# Crystal Red shrimp inactive



## natemcnutty (May 26, 2016)

Nice looking tank and good parameters  It usually seems to take a couple of weeks for shrimp to feel safe for me, so unless they are dying off or not looking well, I wouldn't worry too much yet.

How's the oxygenation? They do get much more lethargic without oxygen rich water.

Only other thing is to watch for molting issues as 4 dGH is the lower end of their range. Most remineralizers recommend 6 dGH (though that may be so they can sell more...), and that's where I've always kept mine.

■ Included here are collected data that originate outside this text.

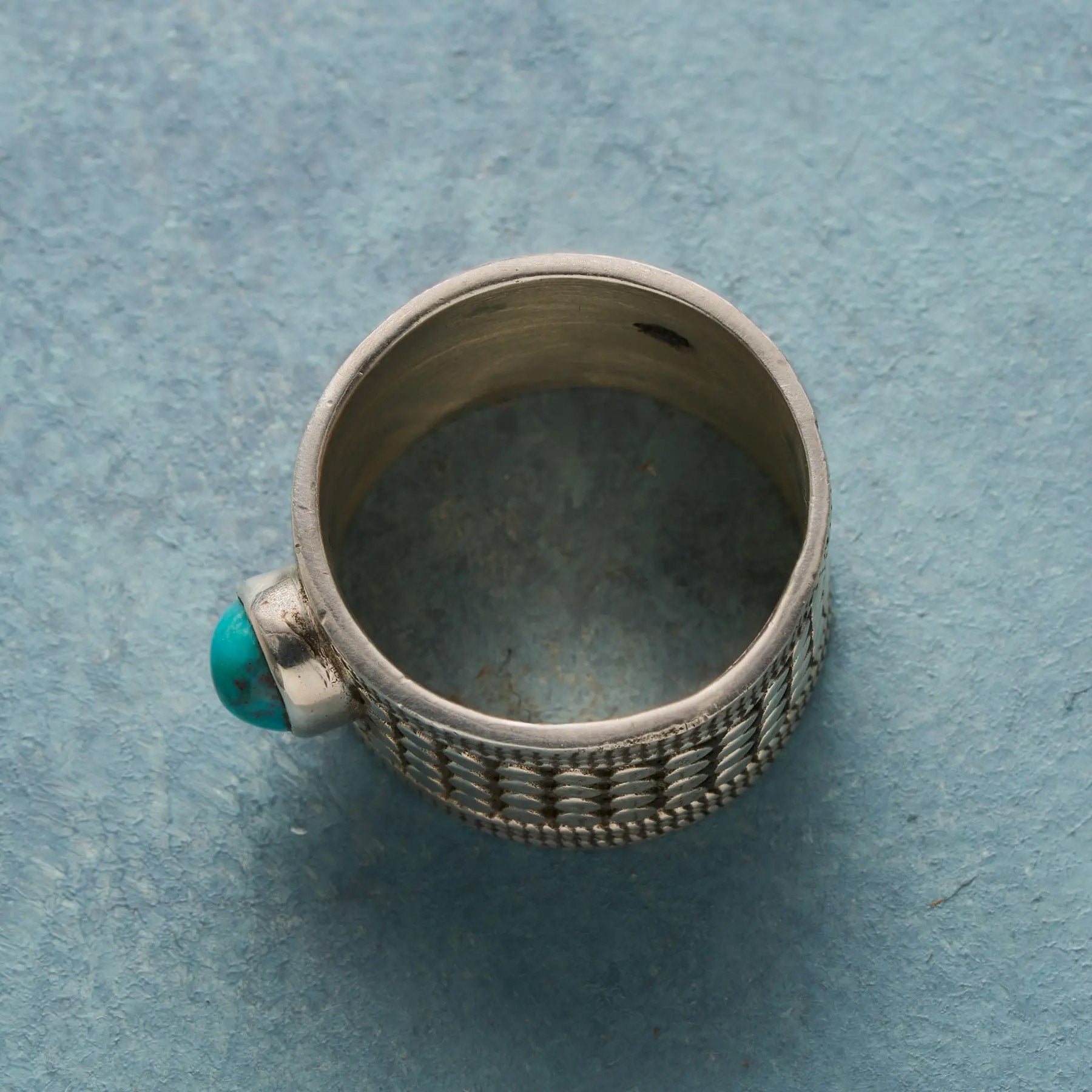 A cabochon of bright blue turquoise centers this wide. dotted band like a fountain in a cobblestoned square. Sterling silver. Handcrafted. Exclusive. Whole sizes 5-10. 1/2w.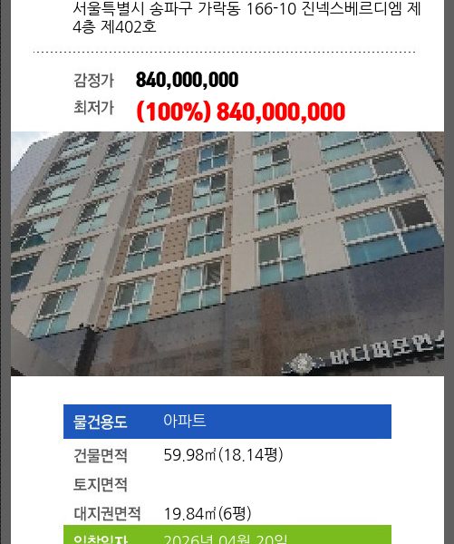 신건으로 감정가 대비 100%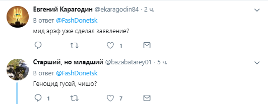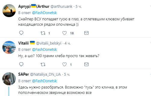 "Когда обсуждение новых зверств карателей у кисилева?", "мид эрэф уже сделал заявление?", "Геноцид гусей, чишо?", "Снайпер ВСУ попадает гусю в глаз, а отлетевшим клювом убивает находящегося рядом опочленца", "Ну, а шо? 100 грамм хлеба просто так жевать?", "Здесь нужно разобраться. Возможно "гусь" это кличка, в этом пополченческом зверинце возможно все", - в таком духе комментируют пользователи сети.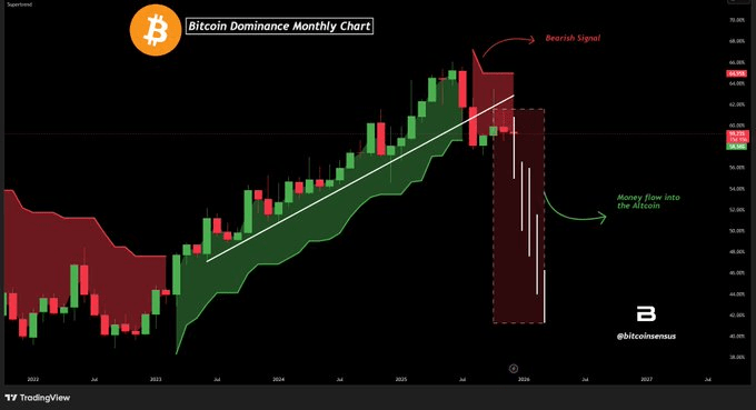 According to a tweet from Bitcoinsensus, the monthly chart confirms the bearish trendline break. Bitcoin dominance was rejected near 65%, a level that previously acted as a macro ceiling in 2017 and 2021. This rejection signals the end of Bitcoin’s relative outperformance cycle. Monthly timeframe breaks reflect sustained capital flows rather than short-term speculative movements.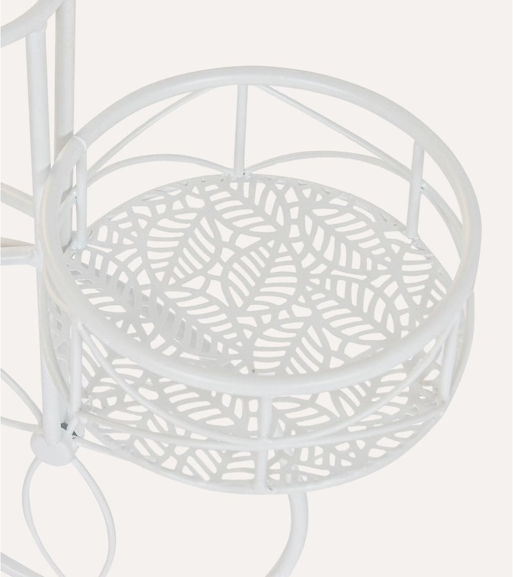 Su estructura metálica, con acabado en color claro y líneas curvas, crea una silueta ligera y decorativa que aporta sensación de amplitud. Las cestas metálicas, con diseño calado tipo hoja, permiten una correcta circulación del aire alrededor de las macetas y facilitan el drenaje, ayudando a mantener tus plantas en óptimas condiciones. Gracias a su aspecto versátil, el Portamacetas Bicicleta Hojas de Hierro encaja tanto como pieza central en una zona de descanso exterior como complemento junto a muebles de jardín, aparadores o recibidores.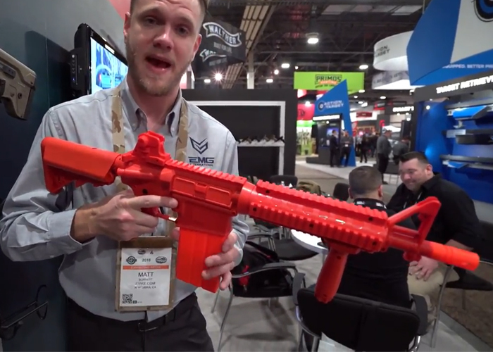 Umarex got a brightly coloured rifle on display at the SHOT Show 2018. Matt got his hands ont he Umarex Foam Dart which he says can fire NERF Darts as well their own Foam Darts. Designed like an AR it can take in a NERF magazine too. It is powered by two CO2 shells installed in the stock.

Sent from my Nexus 6 using Tapatalk


----------



## shrimpkeeper (Jun 17, 2012)

Thanks Nate! The good news is that I can't find a single dead shrimp since acclimating them. But, with so little shrimp showing up at a time, it's hard for me to know if the bodies are hidden somewhere. 

As for oxygenation, I think there's plenty of it. I have a sponge filter in there creating water movement. In fact, I had to turn it down yesterday because it was creating more movement than I would like. The shrimp seem to be nearly as active with the lights on as they are with the lights off, so I doubt it's oxygen. 

Alright, I'll slowly bump up the GH to 5 or 6 when I top off or do pwc.

I personally think my tank looks messy. The plants in the back seem to be growing unevenly and the moss looks kind of gross, but I'm hoping they'll grow out in a couple months and look better.


----------



## natemcnutty (May 26, 2016)

I kind of like messy, more natural looking tanks 

One other thought that I missed last night is that I'd double check your nitrates. The test kits for this are sometimes hard to use, but you shouldn't have 0 ppm in there. The plants need some and the shrimp should be generating at least a little bit. 

If the test isn't working properly, you may have more than you realize. Although with a TDS of 160 and GH of 4, it probably isn't overly high 

Sent from my Nexus 6 using Tapatalk


----------



## shrimpkeeper (Jun 17, 2012)

Yea, the tank should be generating some nitrate, but from what it seems like, it's negligible. The plants are barely growing, including the duckweed. Algae doesn't seem to be growing much either despite the lighting. They used to grow a lot when I first started the tank and there was a lot of nitrate from the cycling process.

The shrimp are more active now, but it seems like only about 10 of them show up and swim around. I have no idea where the other 20ish went. I never saw a single dead body, but I did see some molts lying around before disappearing overnight. I'm really worried about the other shrimp that don't show up. I mean, if they all died, how come I don't see a single dead body at all?


----------



## Opare (Sep 9, 2015)

Shrimp are very good at hiding, if there are no bodies I wouldn't worry.
But if they are dying the bodies may have been eaten by the snails and other shrimp.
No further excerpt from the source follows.